Так же как, впрочем, и новгородцев и псковичей. Последние хотя бы могли быть там в составе дружины Андрея Полоцкого, временно посидевшего в Пскове. Первых, безусловно, не было вообще. И это убедительно доказывает Новгородская первая летопись, почти ничего не знавшая о битве.
Таким образом, как мы видим, на Куликово поле могли выйти полки Московского и Великого Владимирского княжеств, а также Белозерского, Ярославского, Ростовского (да и то не понятно, были ли у трех последних городовые полки, или только княжьи дружины). Практически, и все.

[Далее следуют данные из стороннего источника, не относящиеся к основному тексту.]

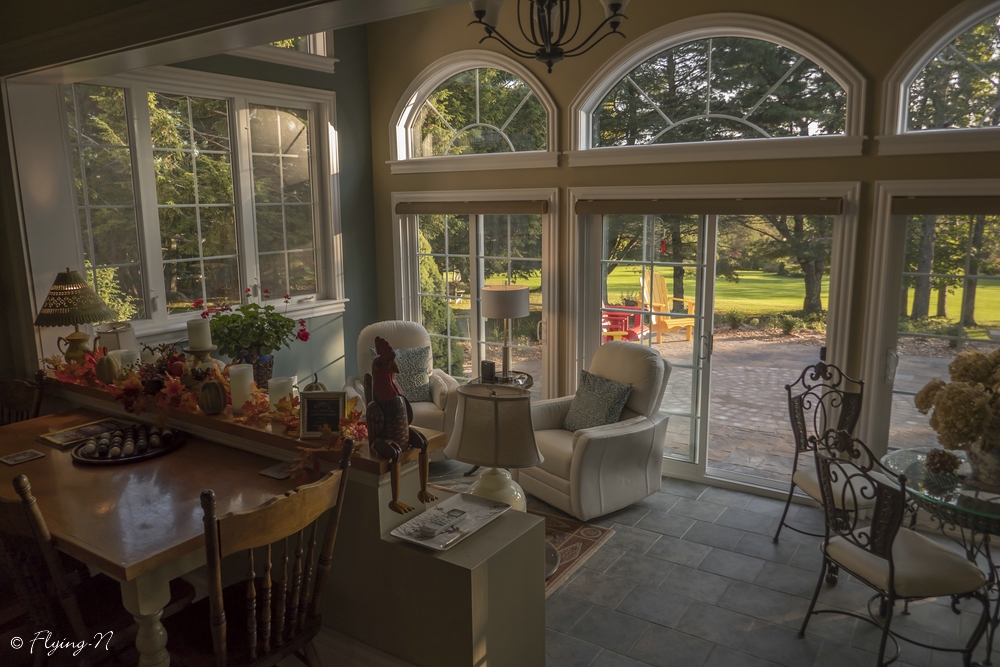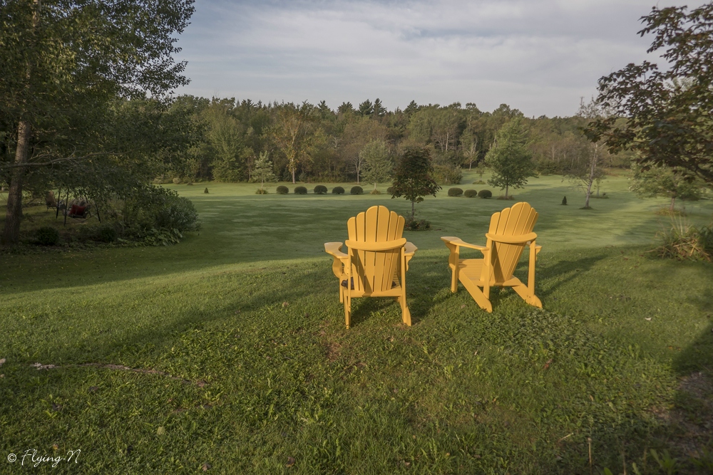 Dort wartet ein weiterer Höhepunkt auf uns: Unser Bed & Breakfast ist einfach traumhaft: Ein wunderschönes altes Haus, liebevoll und geschmackvoll möbliert und dekoriert, auf einem parkartigen Anwesen gelegen, der absolute Knaller! Im Flur ein kleines Regal, mit Pantoffeln, wo man seine (Straßen-)Schuhe parken kann, ein riesiger Wintergarten, alles sehr schön eingerichtet und dekoriert – schon ein bisschen wie Museum, also abstauben möchte ich das nicht alles müssen! – aber sehr stimmig. Unser Zimmer ist oben, hat auch eine Klimaanlage, die ich mal eben einschalte, weil es sehr warm und stickig ist. Unser (privates) Bad ist über den Flur, das stört mich nun wirklich nicht sehr. Wir sitzen abends noch auf der Terrasse und beobachten Rehe, die zum Fressen an eine Futterstelle kommen und plaudern noch ein wenig mit dem Host Con. Er kam mit 6 Jahren mit seinen Eltern aus Wien nach Kanada, kann auch tatsächlich ein wenig deutsch – Schäferhunde sind sein Hobby…. Das 12ha große Anwesen haben er und seine Frau Rose seit 40 Jahren, es ist nicht eingezäunt, die Tiere, die dort leben, sind alle wild.

Относительно же Мамая мы выяснили, что он к этому времени вряд ли владел чем-нибудь, кроме степей от Днепра до Волги, и Крыма. При этом в Крыму татары располагались только в степных районах. Горная часть и южное побережье полуострова находились на особом положении. Во второй половине XIV в. южный берег Крыма на всем его протяжении был занят генуэзскими городами-колониями, административным центром которых служила Кафа (Феодосия). Большинство населенных пунктов южного побережья представляли собой небольшие замки с располагавшимися неподалеку деревнями. Естественной границей, отделявшей политически автономные владения генуэзцев от золотоордынских степей, был горный хребет. На западе полуострова на протяжении всего XIV в. существовала еще одна автономная в политическом отношении единица — княжество Феодоро, одноименная столица которого находилась на горе Мангуп. В первой половине века оно занимало юго-западную часть Крымского полуострова. На севере граница его владений проходила в районе р. Качи, за которой находились золотоордынские кочевья. На западном побережье княжеству принадлежал порт Каламита (Инкерман) и Гераклейский полуостров, где находился потерявший свое былое значение Херсон. На южном побережье важным портом феодоритов был Чембало (Балаклава). К востоку территория княжества включала ряд небольших крепостей и деревень, тянувшихся до Алустона (Алушты). Во второй половине века значительную часть территории княжества Феодоро захватили генуэзцы. В 1357 г. они взяли Чембало, а затем подчинили своей власти и все более мелкие населенные пункты, располагавшиеся вдоль берега к востоку вплоть до Кафы. Но, повторю: это сделали генуэзцы, а не татары. Относительно возможности участия генуэзцев в войске Мамая мы уже говорили выше: оно нулевое.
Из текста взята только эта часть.